Sólo el hombre en quien el invierno no ha asesinado la esperanza, es un hombre con capacidad de sembrar. Porqué la tierra es fundamentalmente el ser que espera. Es profundamente intuitiva en su espera de la primavera. En ella anida la experiencia de los ciclos de la historia que ha ido siendo avanzar la vida en sucesivas primaveras parciales.
En este momento de la salida del invierno de nuestra Comarca Pataones – Viedma es fundamental el compromiso de siembra. Lo que ahora se siembra, se hunde, se entrega, será lo que verdeará en la primavera que viene.

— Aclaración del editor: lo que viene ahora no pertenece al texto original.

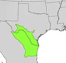 This tree can be found in the area around the Rio Grande, including Austin, Matagorda Bay, New Braunfels, San Antonio, Brownsville and Fort McIntosh westward to the Rio Pecos. In the 19th century trees growing along the outskirts of this region were so small they were described by the United States Department of Interior as "low shrub(s)". The largest examples could be found on the hillsides near the Guadalupe river valley.[5]

Si comprometemos nuestras manos con el odio, el miedo, la violencia vengadora, el incendio de los pajonales, el pueblo nuevo solo tendrá cenizas para alimentarse. Será una primavera de tierras arrasadas donde solo sobrevivirán los yuyos más fuertes o las semillas invasoras de afuera.
Tendremos que comprometer nuestras manos en la siembra. Crear pequeños surcos o tablones sembrados con cariño, con verdad, con desinterés, jugándonos limpiamente por la luz en la penumbra del amanecer. Trabajo simple que nadie verá y que no será noticia. Porqué la única noticia auténtica de la siembra la da solo la tierra y la historia, y se llama cosecha. En las mesas se llama pan.
Si amamos nuestra tierra, que la mañana nos encuentre sembrando”.